Собравшиеся переглянулись.
— Я так думаю, что он это первый раз в жизни в такси проехался, — сказал дед Серега.
— Ну и верно, чего зря деньги-то изводить, — фыркнула бабка.
— Суровый человек, — вздохнула Светлана, — жил один как волк и умрет как волк. Один… Ольгу вон из больницы выгнал. «Ты, — сказал, — стерва, меня бросила, а теперь соболезновать явилась…»
— Где ж это она его бросила?! Неправда. Это все у нас на глазах с дедом происходило… — Колобковое личико бабки возмущенно двинуло бровями. — Она ж не к мужику какому ушла, нет. Она от него ушла, потому что невозможно было уже ей с ним жить. Он ей два слова за день, бывало, говорил. Придет с работы — она обед приготовит, все чисто, ждет его с книжкой, а он пожрет и молчит. А то спать ляжет… Правда, дед?
— Точно. Не ладилось у них чтой-то. Пару лет прожили, и она терпела, но нам жаловалась иногда. Уйду, говорила, вроде как с мужиком живу, но и без мужика… Книжки читать приспособилась…
— Да знаю я его. — Светлана вздохнула опять. — Брат ведь. Вы же помните, он и в детстве все один держался…
Старики закивали головами.
— У нас тут в квартире, Эдь, девять детей однажды жило. У дяди Сережи с тетей Леной, — она повернулась в сторону бабки с дедом, — четверо, я с Толиком и тимофеевских — они в твоей комнате жили — трое детей. Мы все дружили, играли, романы даже те, кто постарше, заводили, а он — все особняком, братан мой. Характер у него такой. С одинокой душой уродился. Ему бы за Ольгу держаться, что-то она в нем нашла, раз два с лишним года вместе прожили, а он… Эх, что ж теперь говорить. Поздно уже… Все поздно…
Первые дни, наблюдая соседа, юноша подумал, что доктора ошиблись в диагнозе. Что слесарь будет жить. Да, Толик похудел, но разве человек после операции желудка полнеет? Его рвало меньше, чем до операции, и он, несомненно, сделался более энергичен. Лишенный привычных восьми часов заводского общества, слесарь теперь обязательно выползал во второй половине дня на кухню, усаживался на стул в своем углу и или задирал деда и бабку, наблюдая, как они готовят очередную порцию всегда вонючей пищи, или же выносил маленький радиоприемник и вертел его ручки, налегши всем телом на стол. «Радиво», как он его называл. Треск и помехи радиоэфира наполняли квартиру. Но даже у бабки не хватало наглости лишить приговоренного к смерти вдруг проявившейся неожиданно прихоти. В обычно суровом и независимом, одной своей сутуловатой осанкой как бы осуждавшем погрязших в коррупции деда и бабку, в Толике стал проявляться вдруг социальный юмор. «Коммунисты пивного ларька, еби иху мать, — смеясь обращался он к юноше. — Всю жизнь умели пристроиться к власти. Крестьяне, от сохи, а прожили аж за семьдесят, как у Христа за пазухой».
Поэт хотел было возразить, что дедовские кальсоны и тесная комнатка на Погодинской далеко не свидетельствуют о том, что дед и бабка сделали блестящие карьеры, скорее напротив.
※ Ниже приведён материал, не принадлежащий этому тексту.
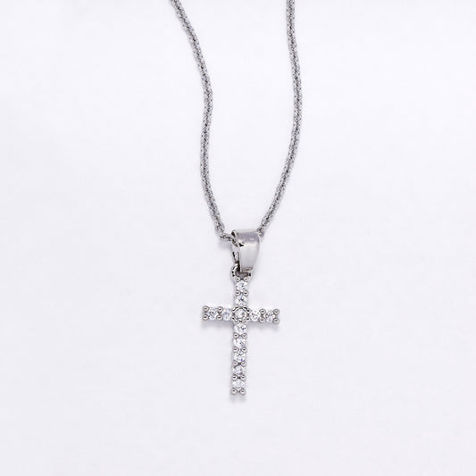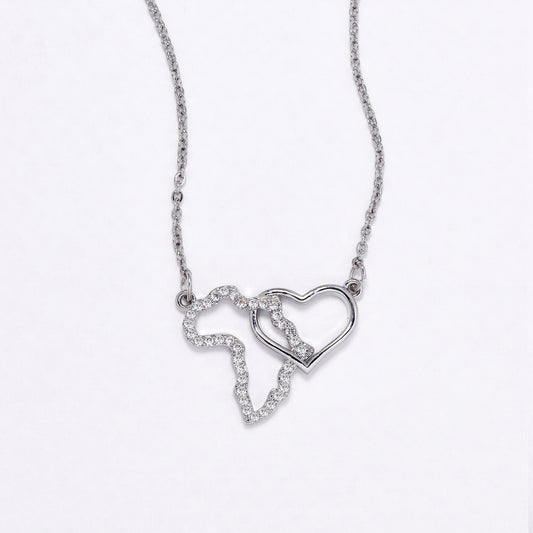 CZYN6400 - S Steel 41cm + 5cm half CZ heart necklace

Но верный своей привычке не вносить в простые отношения квартиры идеи другого, большого мира, в котором он жил и был в нем «не из последних удальцов», он ограничился понятным слесарю замечанием:
— Чего добились-то, квартиры даже отдельной нет.
— А что они такое специальное делать умеют, Эдь, чтоб им квартиру? Дед всю жизнь бригадиром электриков был. Ты думаешь, он в электричестве чего понимает? Пробки починить дурак может. Да ты больше об электричестве знаешь, чем он. Однако бригадир, пенсия большая. А все потому, что одним из первых записался деревенский Серега в партию. Вот его партия и толкала всю жизнь, как паровоз вагоны толкает. — Слесарь явно разделял себя и свою городскую пролетарскую семью и деревенских деда и бабку. И в последние недели жизни его интересовал все тот же местный микромир, в котором он прожил сорок четыре года, а не общение с Богом, мысли о мироздании или волнения по поводу загробного мира.